▶ _Task to carry out_: Reproduce the full listing below unchanged, apart from the pictures.

▶ _Collected data_:
____

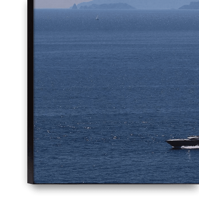 Dieses Werk fängt die ruhige Essenz eines Sommertages an der Costa Brava ein. In der Mitte der Komposition sehen wir ein Motorboot, das elegant über das ruhige, klare blaue Meer fährt und eine weiße Dünung hinter sich lässt. Im Hintergrund erscheint eine bezaubernde Küstenlinie mit sanften Bergen, umgeben vom sanften Blau des Himmels…
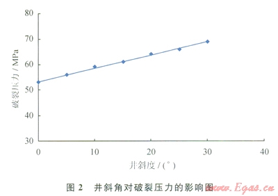 在鉆井過(guò)程中,若井眼方向與地層垂向應(yīng)力方向不平行,會(huì)導(dǎo)致壓裂施工時(shí)破裂壓力偏高(圖2)。由圖2可見(jiàn),隨著井斜角增加,破裂壓力相應(yīng)增加。元壩陸相有些井是斜井或水平井,也是引起儲(chǔ)層高破裂壓力的原因之一。如YB2-側(cè)1井珍珠沖組一須二段下層、YL6井須二段、YL10井珍珠沖組和須二段、YL601H井須二段、YL701井須三段上層等,這些井都是斜井或水平井,井斜也引起破裂壓力明顯升高,破裂壓力梯度為0.027~0.037MPa/m。
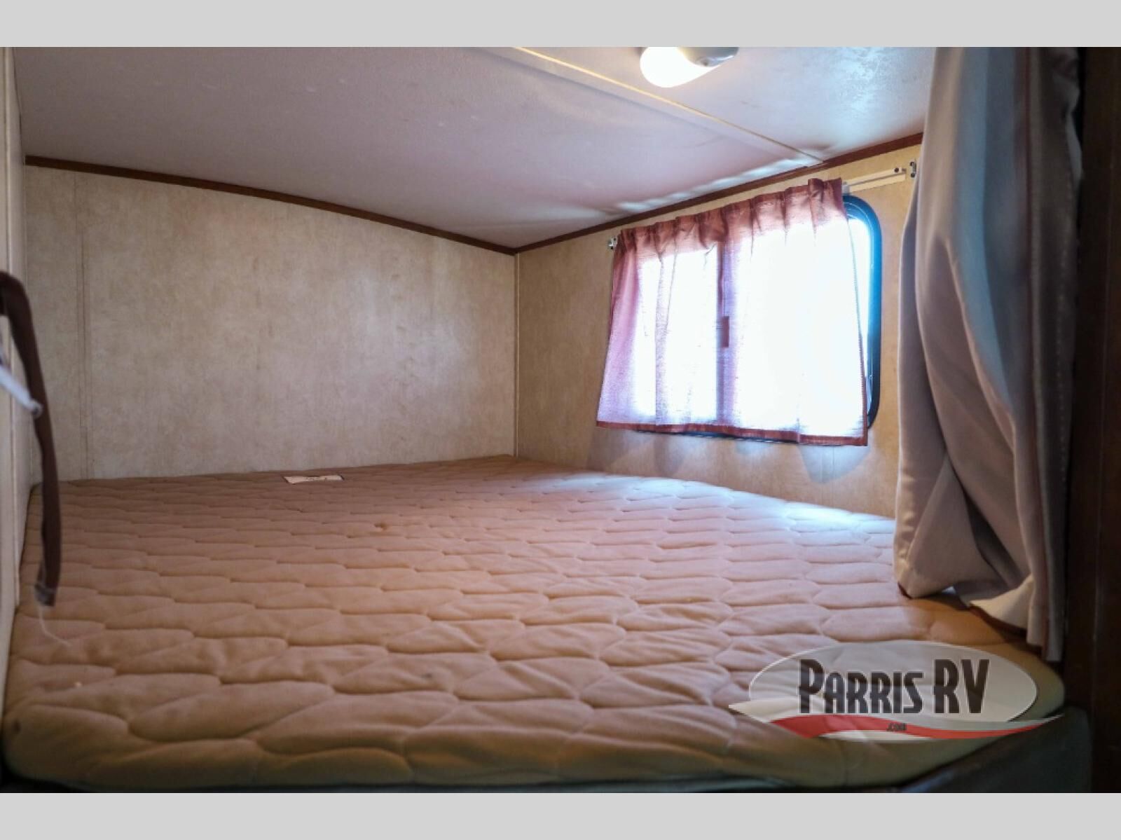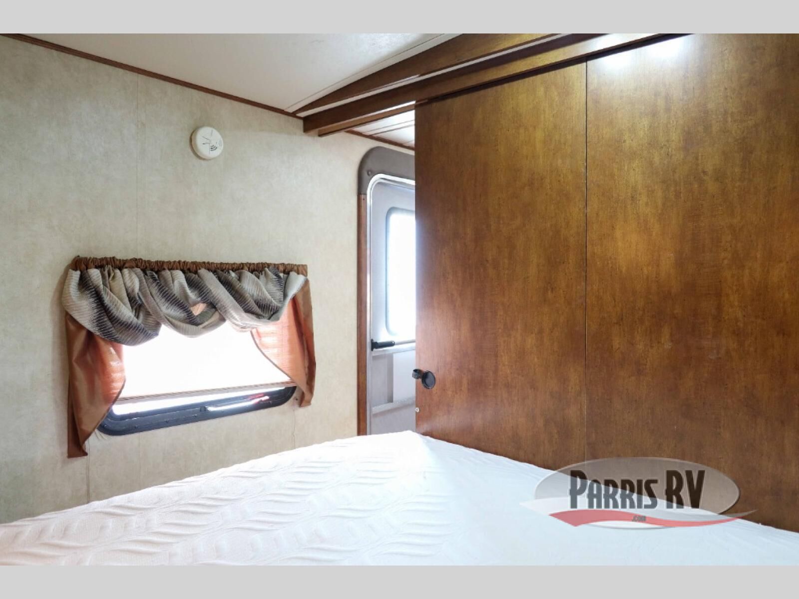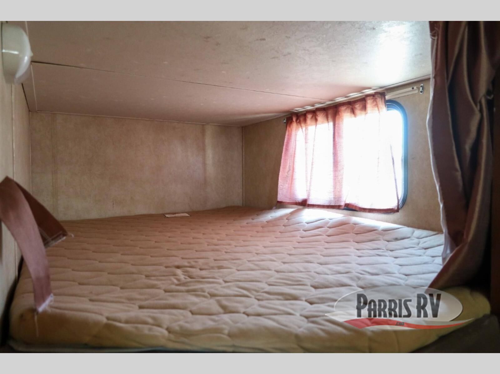 In the rear of the travel trailer, you will find a set of double beds. Beside the beds is a wardrobe/pantry.

____

▶ _Finished exercise_:
 Dieses Werk fängt die ruhige Essenz eines Sommertages an der Costa Brava ein. In der Mitte der Komposition sehen wir ein Motorboot, das elegant über das ruhige, klare blaue Meer fährt und eine weiße Dünung hinter sich lässt. Im Hintergrund erscheint eine bezaubernde Küstenlinie mit sanften Bergen, umgeben vom sanften Blau des Himmels…
 在鉆井過(guò)程中,若井眼方向與地層垂向應(yīng)力方向不平行,會(huì)導(dǎo)致壓裂施工時(shí)破裂壓力偏高(圖2)。由圖2可見(jiàn),隨著井斜角增加,破裂壓力相應(yīng)增加。元壩陸相有些井是斜井或水平井,也是引起儲(chǔ)層高破裂壓力的原因之一。如YB2-側(cè)1井珍珠沖組一須二段下層、YL6井須二段、YL10井珍珠沖組和須二段、YL601H井須二段、YL701井須三段上層等,這些井都是斜井或水平井,井斜也引起破裂壓力明顯升高,破裂壓力梯度為0.027~0.037MPa/m。
 In the rear of the travel trailer, you will find a set of double beds. Beside the beds is a wardrobe/pantry.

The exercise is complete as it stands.